This is a match-making section for CHANSE, HERA and NORFACE: Crisis and Wellbeing calls.
ethics of care maintenance activities
What are we looking for Our research group is integrated by historians and archaeologists analysing colonial process across World History from a decolonial and depatriarcal perspective. Maintenance activities (see description of the project) are often perceived as being confined to the domestic sphere, thereby limiting their presence and impact to family life. However, we believe that their scope extends far beyond this realm. Care is essential wherever people interact among each other, and it plays a crucial role in critical situations of any kind, as it permits life to keep going on. We are interested in collaborating with teams that explore the significance of maintenance activities in other challenging contexts, including, but not limited to, wars, slavery, migration crises, pandemics, and labor market crises. We welcome collaboration with experts in social ecology, economics, anthropology, psychology, nursing, sociology, communication, politics, and neurosciences who are studying the importance of care in copying crises. Furthermore, we are open to incorporating partners who are interested in exploring the third "Crisis" theme (The representation of crisis), by studying alternative ways of representing crisis that emphasize care activities.

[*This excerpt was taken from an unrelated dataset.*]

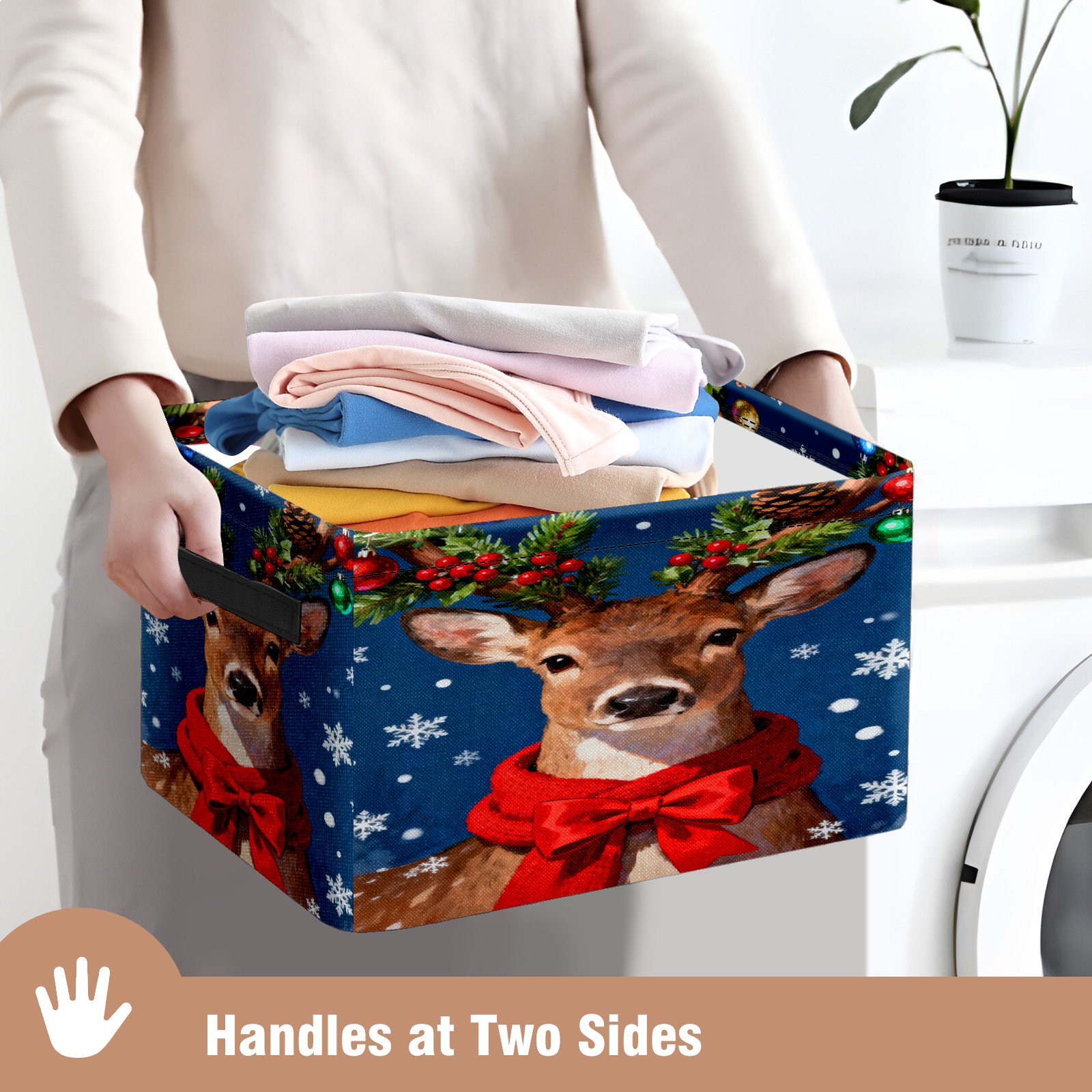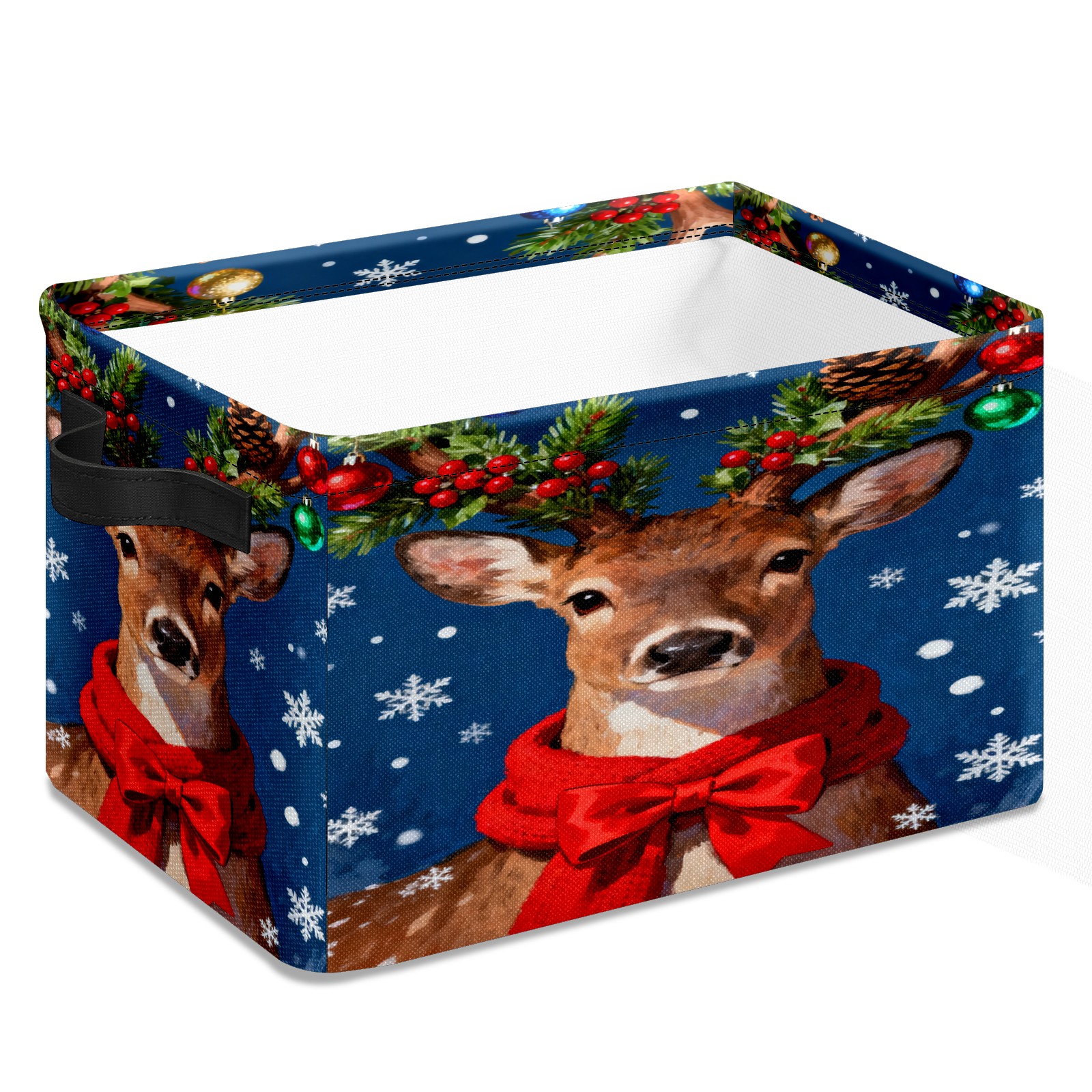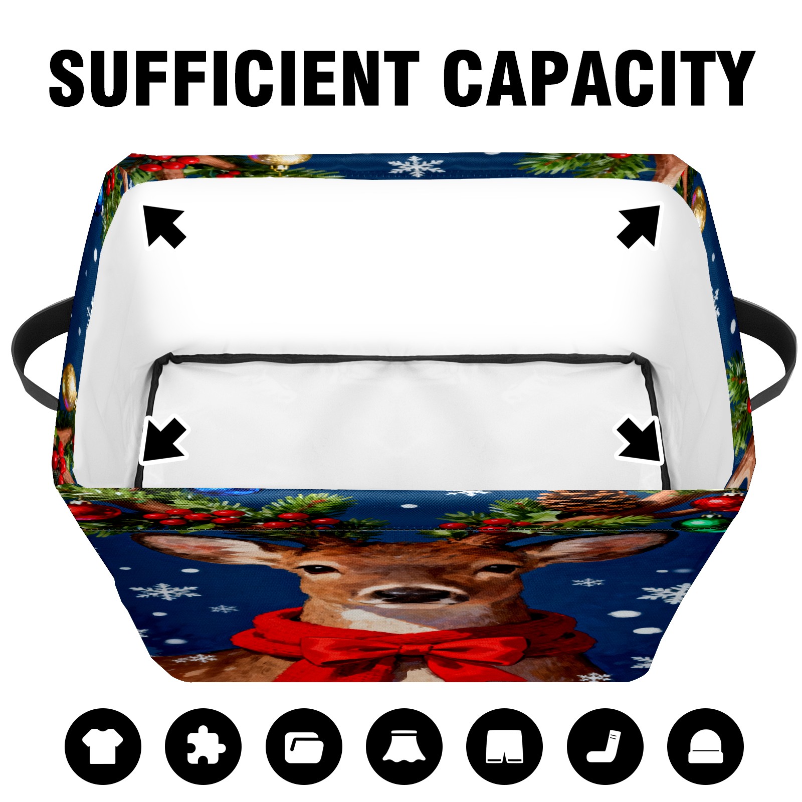 Large Storage Box,Christmas Decorated Deer Pattern Foldable Storage Baskets with Handles for Organizing Clothes, Gift Storage, Children's Toys

Communities of Care in Human Crises Our project aims to explore how maintenance activities and the ethics of care associated with them represent an essential strategy for mitigating the negative effects of crises in diverse situations. Maintenance activities refer to a range of everyday life practices—such as caregiving, cooking and food processing, textile manufacturing, child-rearing and socialization, and the organization of residential spaces—and the values, attitudes, capacities, behaviors, and social dynamics that are instrumental in creating, sustaining, and re-creating social life. Our team will focus on the social crises caused by the impact of colonial processes on Indigenous communities and the strategies employed by these communities to navigate and survive these challenges. Maintenance activities played a fundamental role within these tactics and will be studied in different colonial contexts across history including communities in the Ancient Mediterranean, the Modern Caribbean, and the Modern and Contemporary Pacific. Our project will primarily address the “Crisis” theme: Crisis and the human response. More specifically, it will explore the question: How did assertions of belonging (in this case, connected to the community of care) respond to crises? Additionally, it will align with one of the main objectives of the program by exploring the impact of culture in shaping resilience in the face of crisis.